*DATA SECTION:*
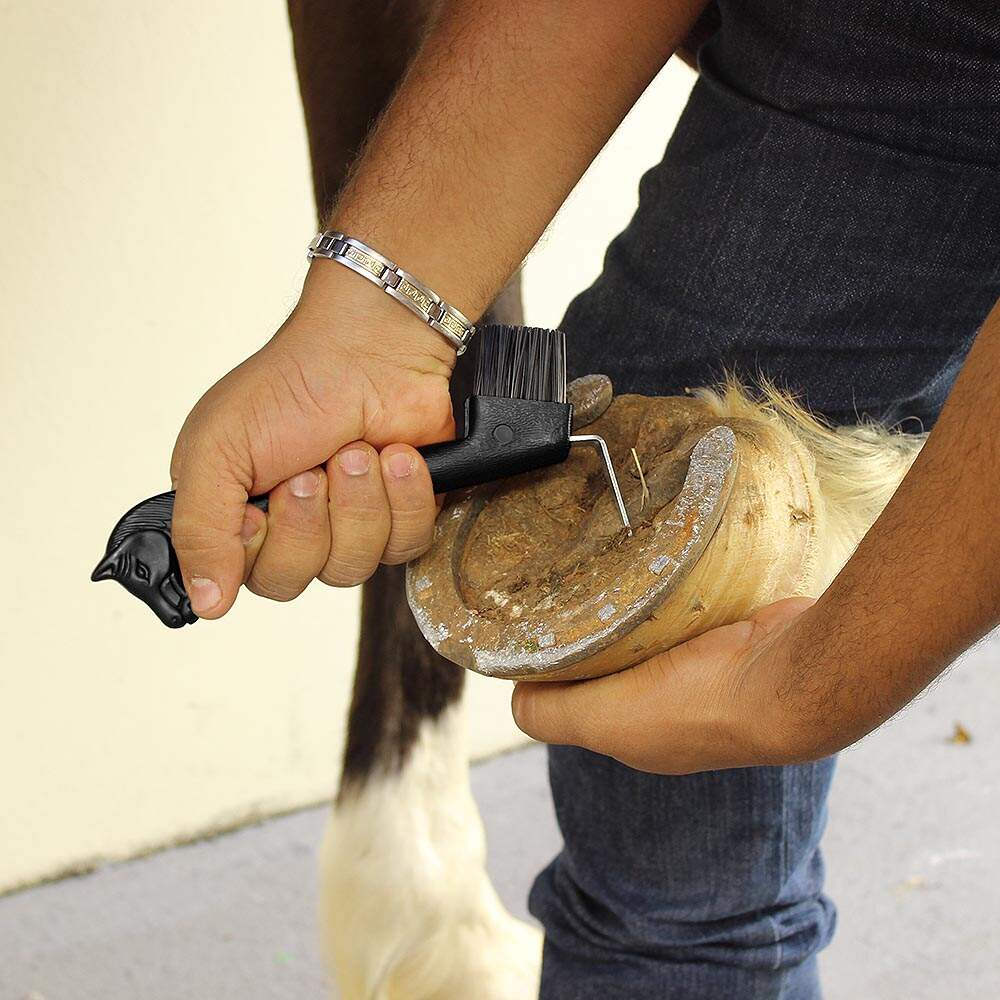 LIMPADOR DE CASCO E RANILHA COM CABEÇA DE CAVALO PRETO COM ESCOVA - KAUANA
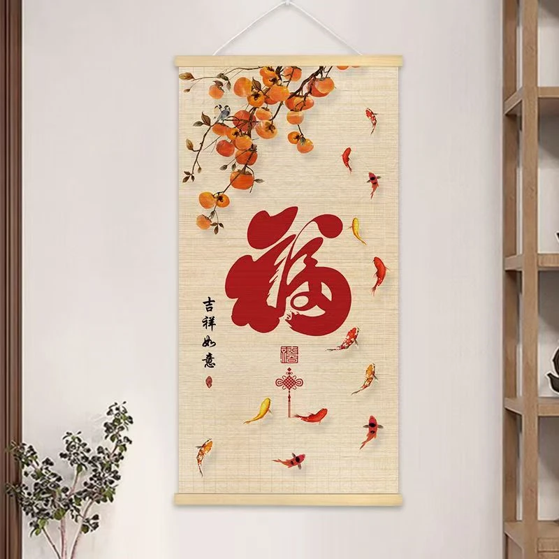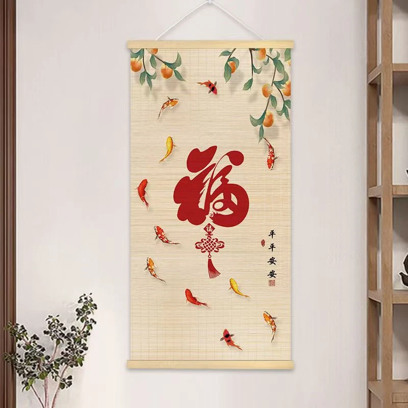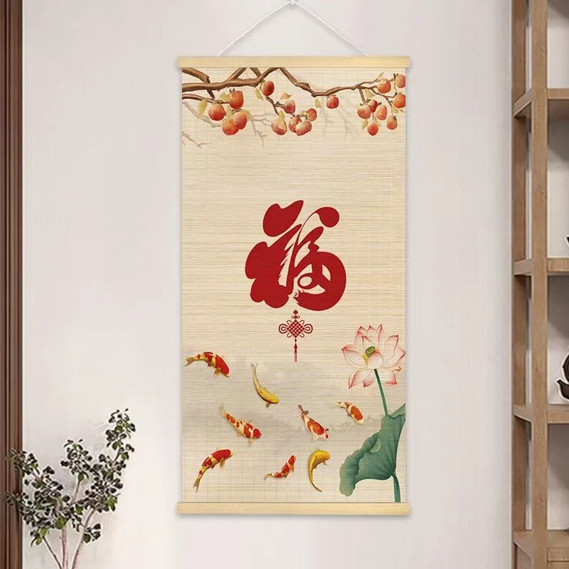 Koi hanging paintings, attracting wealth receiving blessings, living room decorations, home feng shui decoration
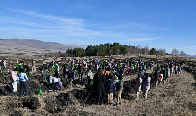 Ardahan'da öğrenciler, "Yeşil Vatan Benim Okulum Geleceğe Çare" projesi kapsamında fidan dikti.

*YOUR TASK:* Everything in the listing, except its images, should be set down exactly.

*REPLY TO THE TASK:*
 LIMPADOR DE CASCO E RANILHA COM CABEÇA DE CAVALO PRETO COM ESCOVA - KAUANA
 Koi hanging paintings, attracting wealth receiving blessings, living room decorations, home feng shui decoration
 Ardahan'da öğrenciler, "Yeşil Vatan Benim Okulum Geleceğe Çare" projesi kapsamında fidan dikti.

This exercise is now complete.